How to configure KMS From AWS Portal?

The following section elaborates the process to configure KMS from AWS Portal.

1. The first step is to create a key (Customer managed key) on https://console.aws.amazon.com/kms/ under the Key Management service (KMS) service.
   

   1. Go to https://console.aws.amazon.com/and search for KMS service.
      

      

   2. Under the Key management service (KMS) create customer managed key (CMK) from top right option create key.
      

      

   3. Create Symmetric key by select symmetric key type and select KMS in advanced options as in below image.
      

      

   4. Give alias of a key which is required and rest are the optional.
      

      

   5. Select key Administrator: Choose the IAM users and roles who can administer this key through the KMS API.
      

      

   6. Select the IAM users and roles that can use the CMK in cryptographic operations.
      

      

   7. Review the key configurations and press finish button to create a key.
      

      

      
      

      

   8. Once key is successfully created, it will show in list of keys.
      

      

   9. Click on key and go to details page of key and look for key ARN. This key ARN is required for further configuration.
      
      

      

Configure AWS KMS for HDFSAgent and LocalFilesAgent

2. The second step is to Setup AWS credentials for KMS and Secret Manager. There are 3 options available to you. Choose any option from the choices below:

   1. If we have EC2 instance then we can setup the AWS CLI.

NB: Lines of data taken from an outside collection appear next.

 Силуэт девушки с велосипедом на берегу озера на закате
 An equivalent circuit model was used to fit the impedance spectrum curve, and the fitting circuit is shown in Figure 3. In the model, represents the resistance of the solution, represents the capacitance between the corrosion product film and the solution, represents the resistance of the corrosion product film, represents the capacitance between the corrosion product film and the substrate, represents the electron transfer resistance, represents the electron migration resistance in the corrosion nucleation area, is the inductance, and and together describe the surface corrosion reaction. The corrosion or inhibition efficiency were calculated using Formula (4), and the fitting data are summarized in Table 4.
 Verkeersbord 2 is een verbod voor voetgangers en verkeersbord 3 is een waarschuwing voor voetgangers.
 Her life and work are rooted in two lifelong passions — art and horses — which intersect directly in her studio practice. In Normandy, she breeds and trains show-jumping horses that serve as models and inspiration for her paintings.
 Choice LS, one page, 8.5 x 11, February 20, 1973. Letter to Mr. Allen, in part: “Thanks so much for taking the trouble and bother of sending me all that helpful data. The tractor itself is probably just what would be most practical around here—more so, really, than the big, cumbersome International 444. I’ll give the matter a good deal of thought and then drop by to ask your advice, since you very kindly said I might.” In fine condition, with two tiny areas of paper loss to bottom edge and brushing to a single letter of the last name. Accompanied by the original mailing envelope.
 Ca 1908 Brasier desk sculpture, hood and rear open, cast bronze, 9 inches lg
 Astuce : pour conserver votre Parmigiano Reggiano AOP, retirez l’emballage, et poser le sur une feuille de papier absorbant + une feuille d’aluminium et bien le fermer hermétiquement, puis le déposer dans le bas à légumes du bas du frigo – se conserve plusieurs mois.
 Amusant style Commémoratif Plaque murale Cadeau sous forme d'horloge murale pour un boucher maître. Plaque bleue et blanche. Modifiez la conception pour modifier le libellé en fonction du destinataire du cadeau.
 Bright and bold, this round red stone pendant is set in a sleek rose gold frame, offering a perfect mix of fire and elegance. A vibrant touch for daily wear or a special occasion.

   2. If we have EC2 instance then we can assign role to EC2 instance.

   3. On the machine which has the agent, create a property file called AWS credentials.properties. Inside the file update following properties:
      aws_access_key_id = aws_secret_access_key =

3. The third step is to restart the agent using stop.sh and start.sh scripts in Agent installation dir.

Configure KMS from Admin and PK Protect

4. The fourth step is to configure KMS from Admin and PK Protect portal. On Admin portal, Under the Manage Keystores option from left menu. Add new key store with required details.
   
   You will get KEY-ARN from AWS KMS console that you have created in above step 1-> i.
   

   

   
   Once keystore are successfully created, it will show in the list of key stores.
   

   

5. While adding a domain on PK Protect, will get the AWS-KMS store (which you have created in the step 2) in the list of key store option. Enter the required information and save your domain.